If the application is for a relevant dependent child:

    CSA must amend the assessment to take into account the relevant dependent child until the last day of the school year (section 151E(1)); and
    The child is taken to be aged 17 for the purposes of applying Part 5 of the Act (section 151E(2)) for the period:
        Beginning on the child's 18th birthday; and
        Ending on the last day of the secondary school year.

Examples

A child support agreement is to continue until 30 June 2009. The child, A, turns 18 on 11 July 2009. An application for continuation of the agreement cannot be accepted because the agreement will not be in force on the day before A turns 18. However, there will be a formula assessment in place after the agreement ends and an application for continuation of that assessment can be made.

An application to continue an assessment for a child, B, is granted. B's parents then enter into a child support agreement before B turns 18. There is no end date in the agreement. The agreement continues after B turns 18 because the parents were making an agreement to alter an assessment that continues until end of the school year.

CSA accepts an application to continue a child support agreement for child support for C. C's parents then enter into a new agreement before C turns 18, which effectively ends the previous agreement. The new agreement will not continue after C turns 18 unless C's parents sign a new application for continuation of the later agreement.

A parent who is receiving child support wishes to apply for a child support agreement in relation to D to continue after D turns 18. The other parent refuses to sign the application. CSA cannot continue the agreement. However, the parent receiving child support can apply for the formula assessment to continue after D turns 18. This is the case even where there was no formula assessment in place before CSA accepted the agreement, as the acceptance of a child support agreement has the same effect as the acceptance of an application for assessment (see Chapter 2.7.2).

A child support agreement states that child support will be payable at a given rate until E's 18th birthday or until E finishes Year 12, whichever is the later. An application from the parent receiving child support to extend the assessment is accepted. The agreement continues until the assessment ends at the end of the school year.

An application to continue the recognition of a relevant dependent child, F, after F's 18th birthday is granted. Any assessment where the parent is assessed in respect of other children continues to recognise that F is a relevant dependent child of the parent.


Where a formula assessment continues after a child turns 18, the provisions of the Act apply to allow the parents to lodge estimates of income, notify of changes in care arrangements, apply for a change of assessment under Part 6A, etc, in the same way as before the child turned 18.
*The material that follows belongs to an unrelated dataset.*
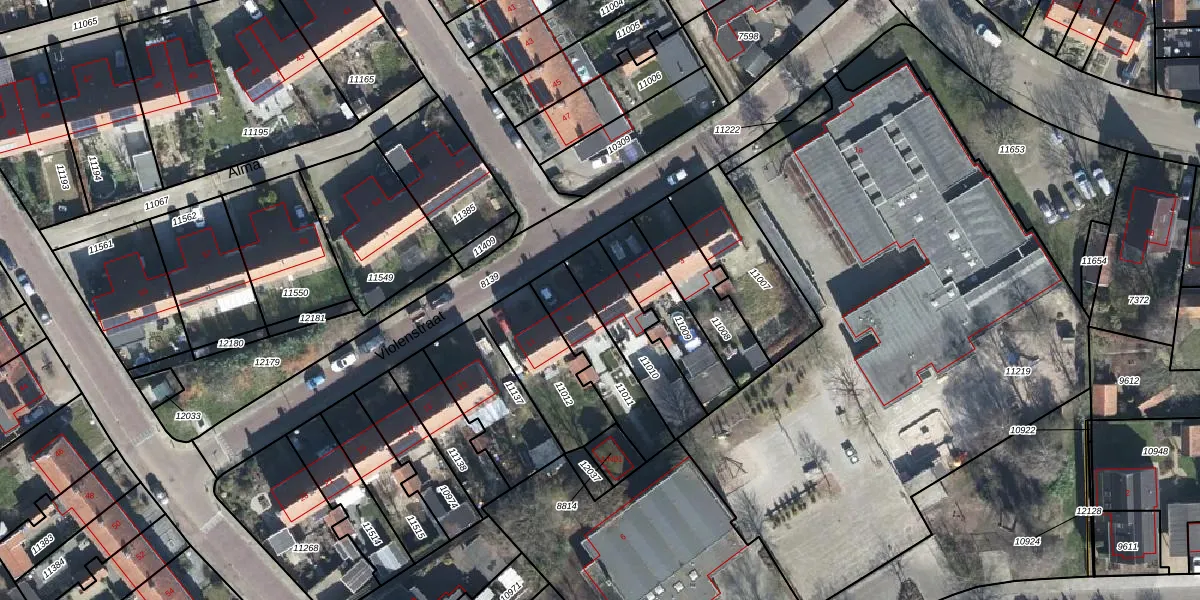 Gebruik de zoekbalk of klik op een perceel voor informatie over de adressen binnen dit perceel.

A court with family law jurisdiction is able to deal with applications for child maintenance from parents or carers not eligible for a child support assessment. This includes an order for further maintenance of a child over the age of 18 if this is necessary to enable the child to complete their education or because the child has a physical or mental disability. If a court has ordered the payer to pay child support for a child over 18 it will not be necessary to apply for the assessment for that child to continue (see Chapter 3.1.3 for more information about child maintenance orders including whether the orders can be registered with CSA for collection).




dj7000 said
Also I am confused by another situation - my ex and I had a private payment arrangement but also in March she asked CSA to collect child support from me.
I received one bill in late March and paid on time (in April). Assessment re accessed to 100% then I received my second bill on the last day in April to pay by 7th May, with an unexpected arrears amount. I rang and negiotated a repayment schedule for this arrears. Then one day later I got a letter from CSA saying they are going to deduct my payments from my pay. (No mention of this during the phone call) No reason given in the letter just that they are going to do it. Can they do this and why would they.  Can I ring and tell them not to as I fully intend to make my payments on time. Any suggestions or advice would be appreciated.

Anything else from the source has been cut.